While the coverage area for the Hygiene Fire Department is just 55 square miles, it boasts a strong volunteer workforce with roughly 60 people.

“Hygiene is a great area for people to come and gain some experience,” says Assistant Chief Russ Benzel. 

In December 2018, a then 27-year-old named William Easland joined the force, looking to fulfill his dream of becoming a firefighter. 

Benzel would find out a year later that Easland had been fighting cancer for a number of years.
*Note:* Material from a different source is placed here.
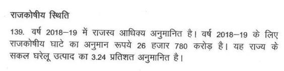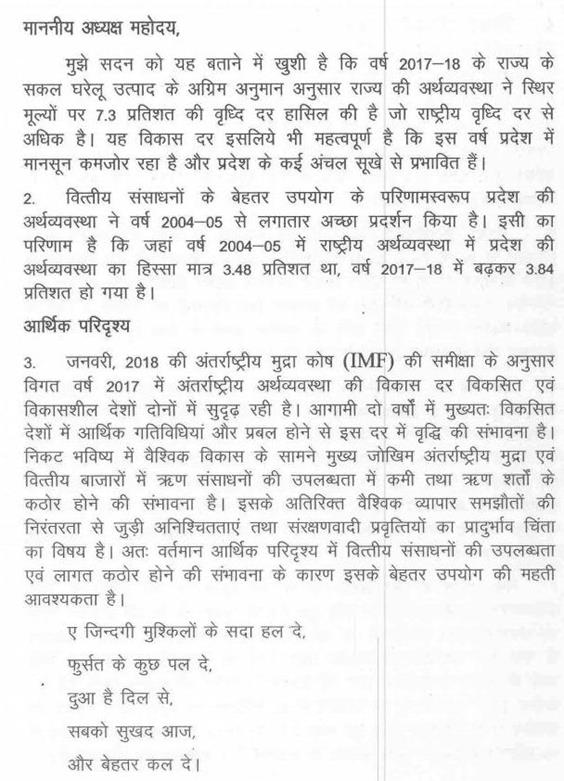 वित्तमंत्री (श्री जयंत मलैया) -- अध्यक्ष महोदय, मैं राज्यपाल महोदय के निर्देशानुसार वर्ष 2018-19 के आय-व्ययक के उपस्थापन के साथ-साथ मध्यप्रदेश राजकोषीय उत्तरदायित्व एवं बजट प्रबंधन अधिनियम, 2005 के अंतर्गत यथा-अपेक्षित राजकोषीय नीति का विवरण वर्ष 2018-2019 सदन के समक्ष रखता हूं. धन्यवाद.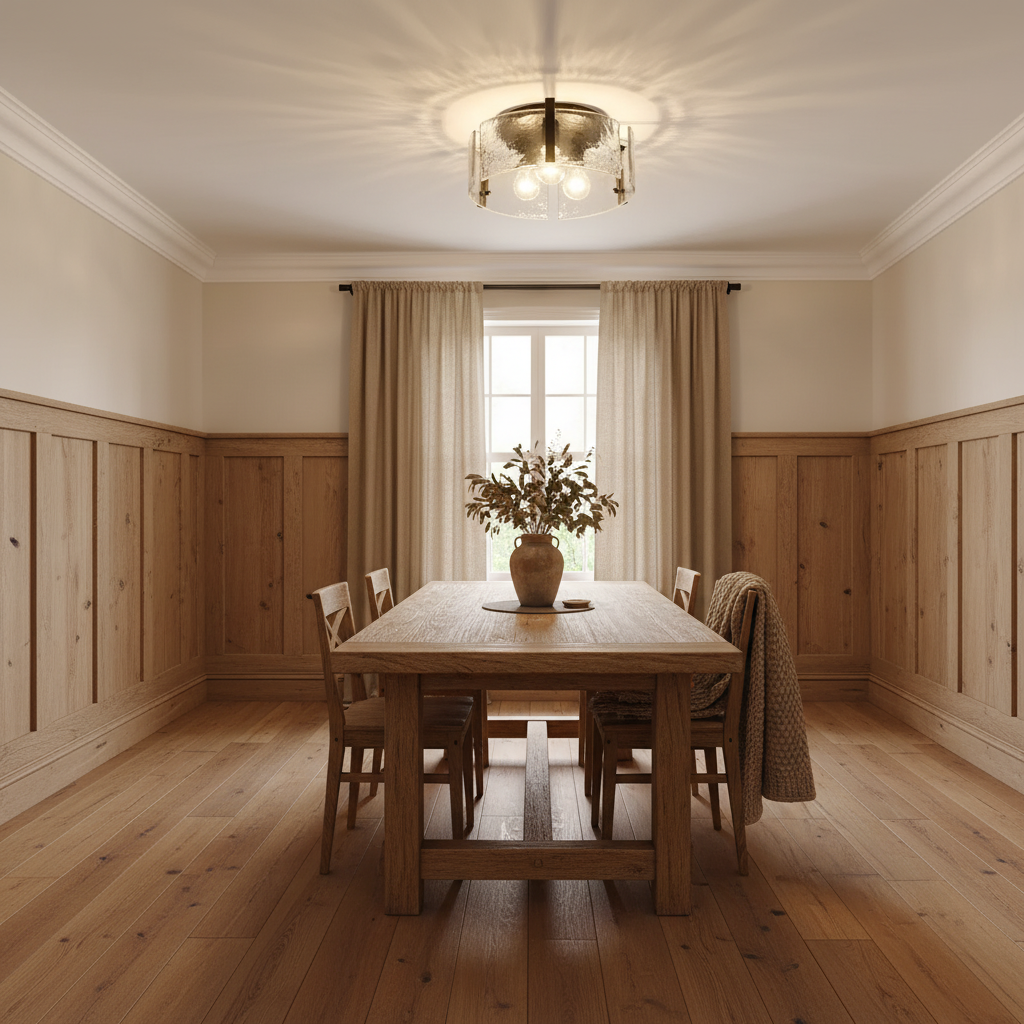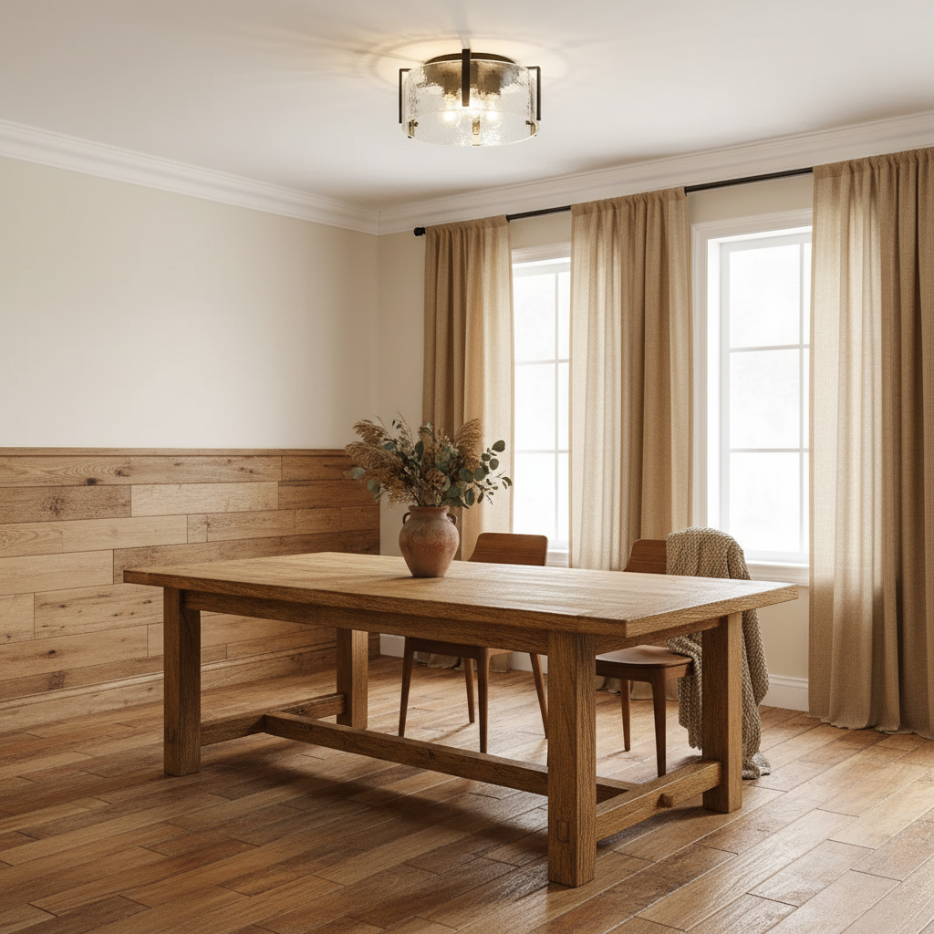The ceiling light frosted ripple glass and sleek metal frame cast a warm diffused glow. Perfect for living rooms dining areas or hallways it’s easy to install US compliant and blends seamlessly with contemporary decor.

“It was his dream,” says Benzel. “He had talked to me and said that the cancer that he had previously recovered from was back.”

Benzel says Easland continued pushing through the fire academy, becoming an honorary graduate in 2019. 

Cancer once again reared its ugly head; treatments against the rare Fibromellar Hepatocellular proved unsuccessful. 

In the fall of 2020, Easland was placed into hospice care.

Around that same time, the department received a brand-new fire engine, and came up with an idea: while firetrucks are often dedicated to heroes no longer with us, why not dedicate it to Will, while he was still around?

“When people see that, they can ask us, ‘Why are you honoring this Will Easland?'” says Benzel. “And we can tell them the story about Will, and the impact he had on us and the department.”

Friday afternoon, firetrucks from multiple agencies paraded by Easland’s Longmont home. 

At the front of the pack, Hygiene’s new engine, bearing “In Honor of William Easland” on the back and sides.

“It’s emotional, it means a lot,” said Easland. “What an honor it really is to have my name on the truck.”

Easland’s wife Noelle says it’s the latest gesture of overwhelming support their family has received from the fire department. 

“I don’t think once I’ve ever shoveled the snow in front of my own house, because before I can even get outside, one of those guys or girls is doing it for me,” she says. “We’re pretty blessed to have such a wonderful community.”

Will’s father Mark broke down in tears when the truck pulled up. 

“This shouldn’t happen to any parent, you know,” he says. “Of course his mom and I would exchange places with him, of course, but we can’t. That’s part of the mystery of life, things happen to people for a reason.”

His family says they look forward to visiting Hygiene’s annual pancake breakfast every year, and seeing Easland’s name proudly displayed.

“It’s a wonderful thing,” said his father. “It’s a wonderful thing.”